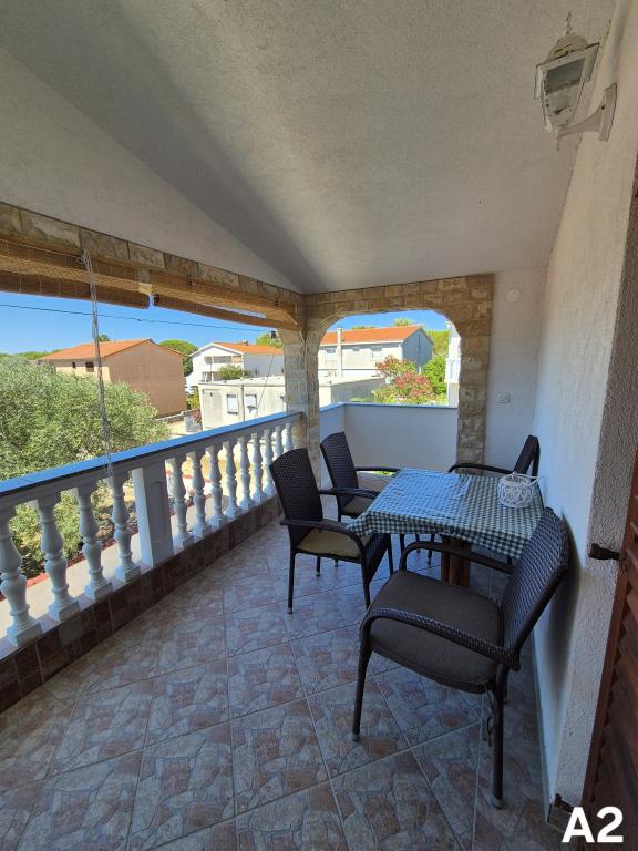 De appartementen zijn gelegen in een rustig deel (Bilotinjak 1), nabij de stad Nin. Appartementen zijn onlangs gerenoveerd. Elk appartement bestaat uit een badkamer, een slaapkamer met een tweepersoonsbed, een keukenlijn en een extra bed voor twee personen. Het appartement beschikt over een terras met uitzicht op het zuidwesten met uitzicht op de zee. Beide appartementen hebben een beveiligde parkeerplaats in de tuin. Barbecue en buitendouche zijn beschikbaar. Ruim, natuurlijk zandstrand, weg van huis, driehonderd meter, is geschikt voor kinderen.
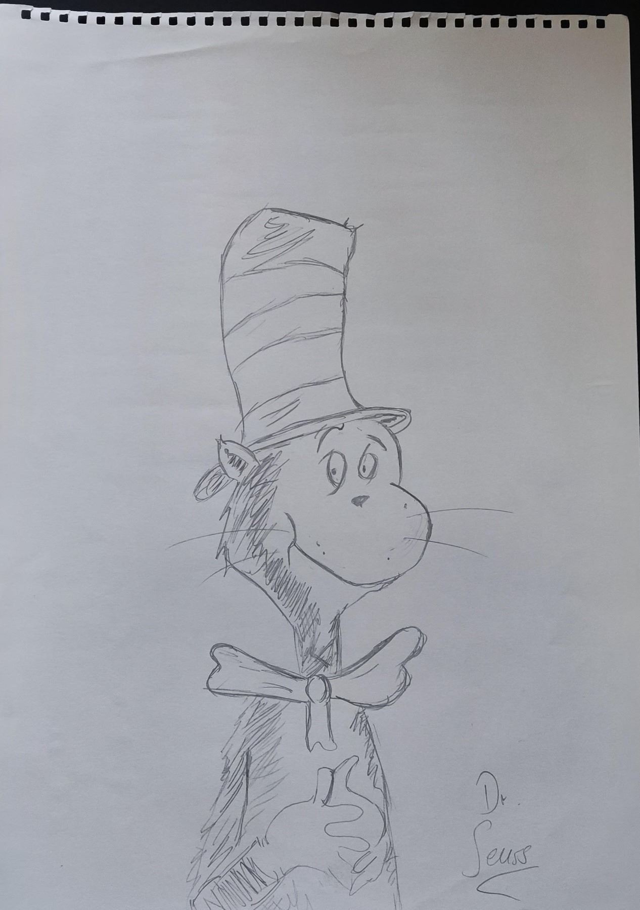 This is a large drawing of the cat in the hat in pencil on A3 art paper. Signed to the right hand side Dr Seuss. Supplied with coa.
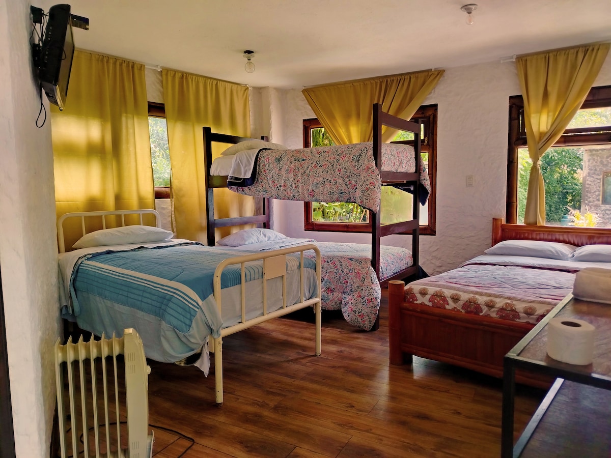 Hola, soy Malena y te invito a disfrutar de mi hermosa casa, no querrás irte de este lugar único y encantador, alejado del ruido pero cerca de atracciones para grandes y chicos. Mi espacio .. suites con baño privado, agua caliente, WIFI, parqueadero privado. Tenemos sitios comunales como BBQ, cocina y área social. Disfruta haciendo un asado - comparte con tu familia o amigos, hay juegos de mesa para todas las edades. Ven, vive la naturaleza y de la espectacular vista al volcán Tunguragüa.
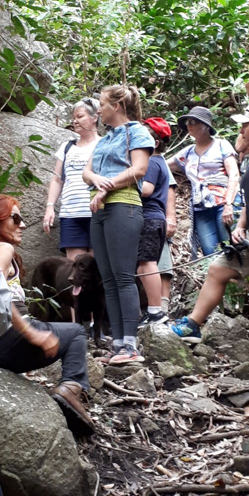 During the cruise, Darryn mentioned that he was also leading a botanically themed bushwalk the next morning. This was to start at Grassy Hill and finish in the Botanic Gardens. We met Tony Roberts, the curator of the Gardens, and asked him if we could take Dexter. Normally, dogs are not allowed in the conservation reserve, but he was prepared to turn a blind eye this time. It seemed that both Dexter and Sally were keen to go.
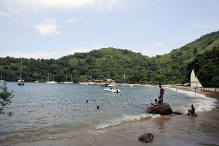 Depois de mais ou menos 1 hora e meia de caminhada chego a uma praia, chamada Flamengo, notei alguns barcos na região, parei para um descanso, mas ainda não é o nosso destino.
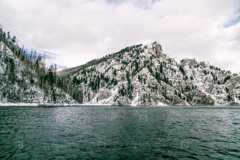 Красноярское водохранилище на реке Енисей, зимний пейзаж в пасмурный день в Сибири
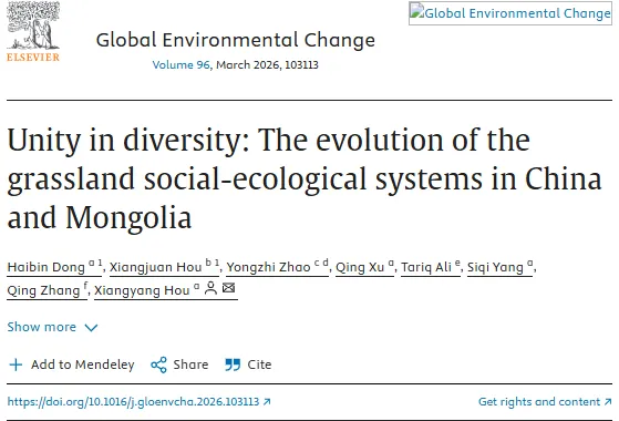 近日,山西农业大学侯向阳教授团队在环境科学与可持续发展领域的国际顶级期刊《Global Environmental Change: Human and Policy Dimensions》(五年影响因子11.5,位列该领域前1%)上发表了一项重要研究成果,题为“Unity in diversity: The evolution of the grassland social-ecological systems in China and Mongolia”。这项研究融合了草学、经济学与地理学等多学科视角,系统梳理了过去一个世纪蒙古高原草原社会-生态系统的演变历程,并通过对中国内蒙古与蒙古国的深入比较,揭示了不同制度背景下草原治理所展现出的多元而有效的路径。
************
--- TASK OBJECTIVE ---
Would you retype every record above exactly, leaving out the pictures?

--- ANSWER FOR THE TASK ---
 De appartementen zijn gelegen in een rustig deel (Bilotinjak 1), nabij de stad Nin. Appartementen zijn onlangs gerenoveerd. Elk appartement bestaat uit een badkamer, een slaapkamer met een tweepersoonsbed, een keukenlijn en een extra bed voor twee personen. Het appartement beschikt over een terras met uitzicht op het zuidwesten met uitzicht op de zee. Beide appartementen hebben een beveiligde parkeerplaats in de tuin. Barbecue en buitendouche zijn beschikbaar. Ruim, natuurlijk zandstrand, weg van huis, driehonderd meter, is geschikt voor kinderen.
 This is a large drawing of the cat in the hat in pencil on A3 art paper. Signed to the right hand side Dr Seuss. Supplied with coa.
 Hola, soy Malena y te invito a disfrutar de mi hermosa casa, no querrás irte de este lugar único y encantador, alejado del ruido pero cerca de atracciones para grandes y chicos. Mi espacio .. suites con baño privado, agua caliente, WIFI, parqueadero privado. Tenemos sitios comunales como BBQ, cocina y área social. Disfruta haciendo un asado - comparte con tu familia o amigos, hay juegos de mesa para todas las edades. Ven, vive la naturaleza y de la espectacular vista al volcán Tunguragüa.
 During the cruise, Darryn mentioned that he was also leading a botanically themed bushwalk the next morning. This was to start at Grassy Hill and finish in the Botanic Gardens. We met Tony Roberts, the curator of the Gardens, and asked him if we could take Dexter. Normally, dogs are not allowed in the conservation reserve, but he was prepared to turn a blind eye this time. It seemed that both Dexter and Sally were keen to go.
 Depois de mais ou menos 1 hora e meia de caminhada chego a uma praia, chamada Flamengo, notei alguns barcos na região, parei para um descanso, mas ainda não é o nosso destino.
 Красноярское водохранилище на реке Енисей, зимний пейзаж в пасмурный день в Сибири
 近日,山西农业大学侯向阳教授团队在环境科学与可持续发展领域的国际顶级期刊《Global Environmental Change: Human and Policy Dimensions》(五年影响因子11.5,位列该领域前1%)上发表了一项重要研究成果,题为“Unity in diversity: The evolution of the grassland social-ecological systems in China and Mongolia”。这项研究融合了草学、经济学与地理学等多学科视角,系统梳理了过去一个世纪蒙古高原草原社会-生态系统的演变历程,并通过对中国内蒙古与蒙古国的深入比较,揭示了不同制度背景下草原治理所展现出的多元而有效的路径。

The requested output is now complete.